Exercise: Working from the start of the listing, please write out exactly the lines through the one that holds "du Rhone AOC)、羅納河谷村莊區(qū)(Cotes", both included, and omit all pictures.

[Data excerpt Boundary: Start]

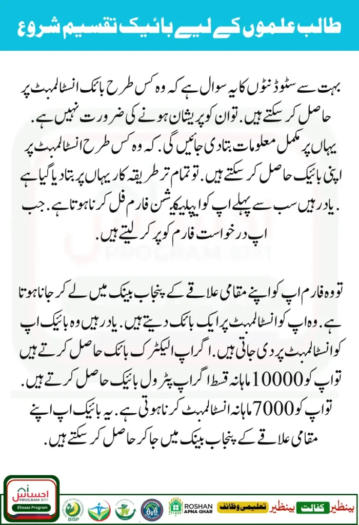 حال ہی میں اس پروگرام کا اغاز کیا گیا تھا . تو بہت سے طالب علموں تو بائک دی گئی تھی . لیکن وہ طالب علم جن کو بائک نہیں ملی . اب وہ اپنی رجسٹریشن کروا سکتے ہیں . اور گھر بیٹھے اپنی بائیک حاصل کر سکتے ہیں . فیز ٹو شروع ہو گیا ہے وہ طالب علم جن کو بائک نہیں ملی . وہ اپنی بائک نیو میتھڈ کے ذریعے چیک کر کے حاصل کر سکتے ہیں کہ ایا کہ اپ اہل ہیں یا نہیں .
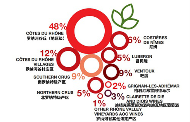 羅納河谷丘是羅納河谷葡萄園的明星產(chǎn)區(qū)。在這里,各個子產(chǎn)區(qū)從低到高依次被劃分為三個等級——羅納河谷丘(Cotes du Rhone AOC)、羅納河谷村莊區(qū)(Cotes du Rhone Villages AOC,有譯為“羅納河谷丘村莊級”)以及羅納河谷區(qū)特級產(chǎn)區(qū)(Cotes du Rhone Crus AOC,有譯為“羅納河谷丘特級村”;南、北羅納河谷葡萄園分別有9個和8個特級產(chǎn)區(qū),共計17個特級產(chǎn)區(qū))。2019年,羅納河谷丘(地區(qū)級)的產(chǎn)量為1.33億升,占整個羅納河谷葡萄酒產(chǎn)量的48%;羅納河谷村莊區(qū)的產(chǎn)量為0.34億升,占總產(chǎn)量的12%;羅納河谷區(qū)特級產(chǎn)區(qū)的產(chǎn)量為0.38億升,占總產(chǎn)量的14%。合計起來,羅納河谷丘對羅納河谷葡萄酒總產(chǎn)量的貢獻(xiàn)率達(dá)74%,地位舉足輕重。
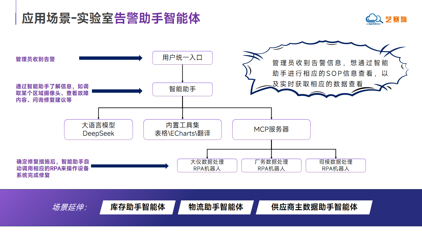 I-Search showcased multiple practical application cases. For example, administrators can obtain information through the laboratory alarm assistant intelligent agent, including calling specific area cameras, viewing fault details, etc. After determining the repair plan, the intelligent assistant can automatically call the corresponding RPA process, and the operating device system completes the repair. Based on this mode, multiple application scenarios such as "inventory assistant agent", "logistics assistant agent" and "supplier master data assistant agent" can also be expanded.

[Data excerpt Boundary: End]

Solution to this exercise:
 حال ہی میں اس پروگرام کا اغاز کیا گیا تھا . تو بہت سے طالب علموں تو بائک دی گئی تھی . لیکن وہ طالب علم جن کو بائک نہیں ملی . اب وہ اپنی رجسٹریشن کروا سکتے ہیں . اور گھر بیٹھے اپنی بائیک حاصل کر سکتے ہیں . فیز ٹو شروع ہو گیا ہے وہ طالب علم جن کو بائک نہیں ملی . وہ اپنی بائک نیو میتھڈ کے ذریعے چیک کر کے حاصل کر سکتے ہیں کہ ایا کہ اپ اہل ہیں یا نہیں .
 羅納河谷丘是羅納河谷葡萄園的明星產(chǎn)區(qū)。在這里,各個子產(chǎn)區(qū)從低到高依次被劃分為三個等級——羅納河谷丘(Cotes du Rhone AOC)、羅納河谷村莊區(qū)(Cotes du Rhone Villages AOC,有譯為“羅納河谷丘村莊級”)以及羅納河谷區(qū)特級產(chǎn)區(qū)(Cotes du Rhone Crus AOC,有譯為“羅納河谷丘特級村”;南、北羅納河谷葡萄園分別有9個和8個特級產(chǎn)區(qū),共計17個特級產(chǎn)區(qū))。2019年,羅納河谷丘(地區(qū)級)的產(chǎn)量為1.33億升,占整個羅納河谷葡萄酒產(chǎn)量的48%;羅納河谷村莊區(qū)的產(chǎn)量為0.34億升,占總產(chǎn)量的12%;羅納河谷區(qū)特級產(chǎn)區(qū)的產(chǎn)量為0.38億升,占總產(chǎn)量的14%。合計起來,羅納河谷丘對羅納河谷葡萄酒總產(chǎn)量的貢獻(xiàn)率達(dá)74%,地位舉足輕重。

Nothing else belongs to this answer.